Top of INPUT RECORDS

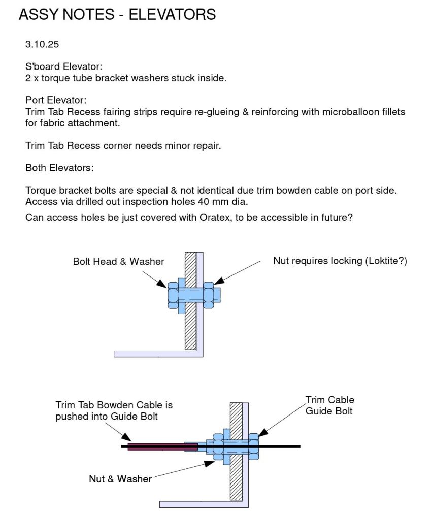 We needed to inspect the elevator torque tube bracket as one of the nuts was found to be loose. After cutting a couple of 40mm holes to gain access into the back of the bracket bolts we found the arrangement as described below.
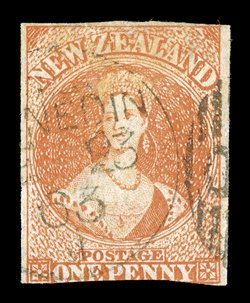 leaving much of face clear. An attractive example of this rare1d. orange-vermilion with good to large margins and showing trace of adjoining stamp at lower right corner, good strong color and neatly cancelled with "dunedin" in oval of bars leaving much of face clear. An attractive example of this rare stamp. Sc. 21; S.G. 81, £2,500. (Image) Est. $1,000-1,500
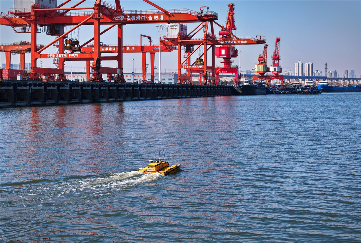 12月26日,合肥港,无人船对码头港池水下地形进行扫测。安徽省交通科学研究院直属的领航水下技术公司,通过自主研发的“内河水下工程可视化智能检测系统”为涉水基础设施及水下工程“把脉问诊”。
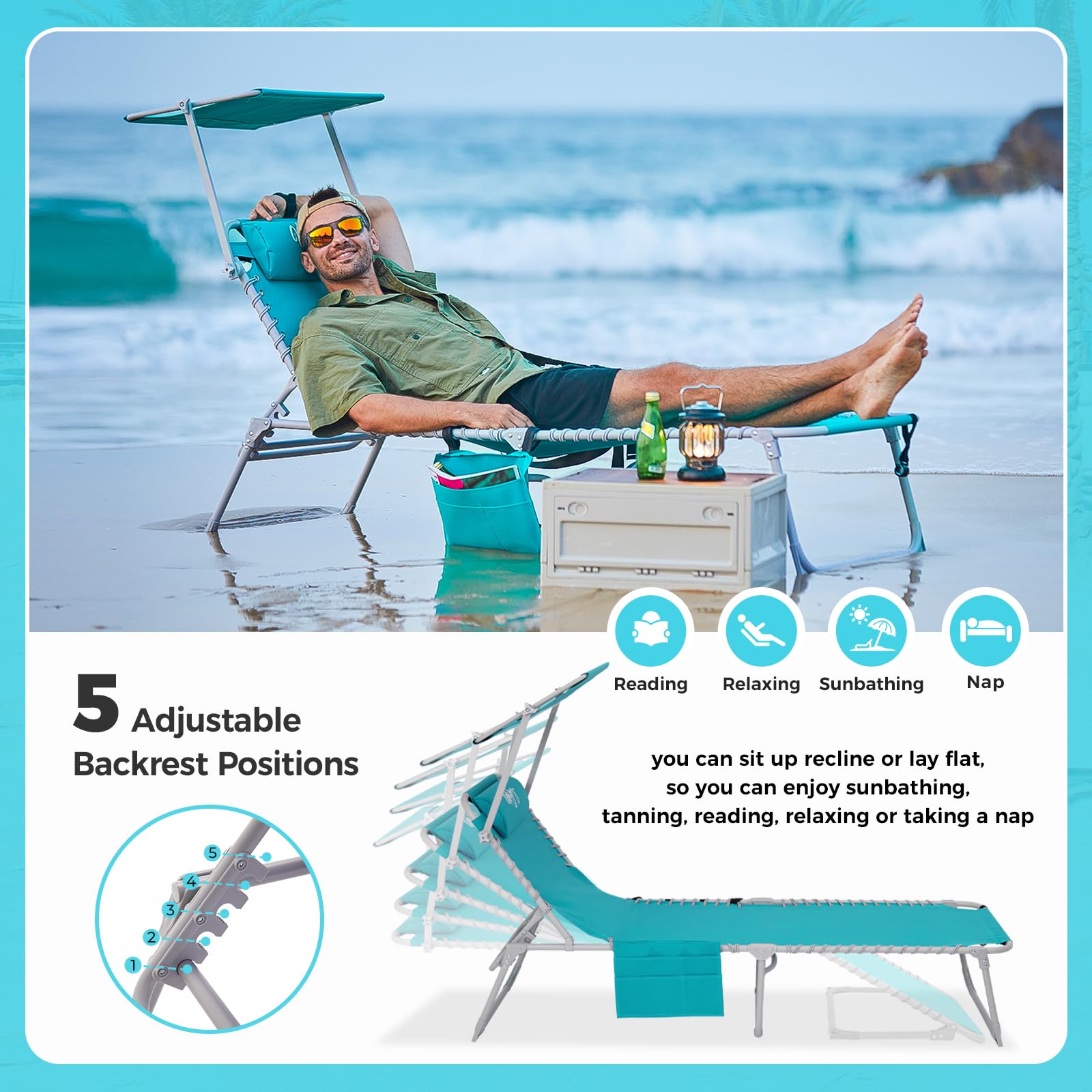Stay shaded and comfortable under the adjustable angle sunshade, allowing you to block or embrace the sun's rays as desired. Perfect for reading or simply enjoying the outdoors without the need for a hat, this feature adds versatility to your beach lounging experience.
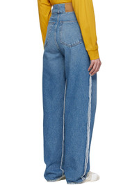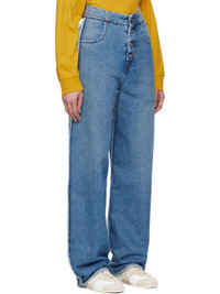 Non-stretch denim jeans. · Fading and raw edges throughout · Four-pocket styling · Exposed button fly · Jacron logo patch at back waistband · White stitching at back waist · Contrast stitching in tan Supplier color: Medium blue 100% cotton. Made in Italy 252188F069009
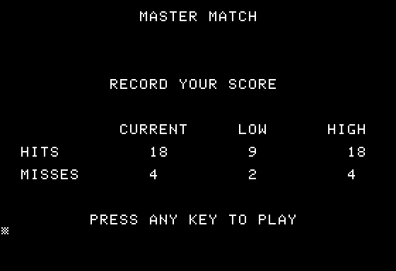 Developed during the early 1980s, this game is a testament to the roots of educational software. During this era, there was a burgeoning interest in using computers for educational purposes, and companies like Educational Information Systems, Inc. were at the forefront of this movement. Master Match exemplifies the innovative approach taken by developers to harness the power of video games for learning.

Bottom of INPUT RECORDS

■ **PROMPT**
Images stay out; the entries above are to be printed exactly.

■ **RESPONSE TO THE TASK**
 We needed to inspect the elevator torque tube bracket as one of the nuts was found to be loose. After cutting a couple of 40mm holes to gain access into the back of the bracket bolts we found the arrangement as described below.
 leaving much of face clear. An attractive example of this rare1d. orange-vermilion with good to large margins and showing trace of adjoining stamp at lower right corner, good strong color and neatly cancelled with "dunedin" in oval of bars leaving much of face clear. An attractive example of this rare stamp. Sc. 21; S.G. 81, £2,500. (Image) Est. $1,000-1,500
 12月26日,合肥港,无人船对码头港池水下地形进行扫测。安徽省交通科学研究院直属的领航水下技术公司,通过自主研发的“内河水下工程可视化智能检测系统”为涉水基础设施及水下工程“把脉问诊”。
Stay shaded and comfortable under the adjustable angle sunshade, allowing you to block or embrace the sun's rays as desired. Perfect for reading or simply enjoying the outdoors without the need for a hat, this feature adds versatility to your beach lounging experience.
 Non-stretch denim jeans. · Fading and raw edges throughout · Four-pocket styling · Exposed button fly · Jacron logo patch at back waistband · White stitching at back waist · Contrast stitching in tan Supplier color: Medium blue 100% cotton. Made in Italy 252188F069009
 Developed during the early 1980s, this game is a testament to the roots of educational software. During this era, there was a burgeoning interest in using computers for educational purposes, and companies like Educational Information Systems, Inc. were at the forefront of this movement. Master Match exemplifies the innovative approach taken by developers to harness the power of video games for learning.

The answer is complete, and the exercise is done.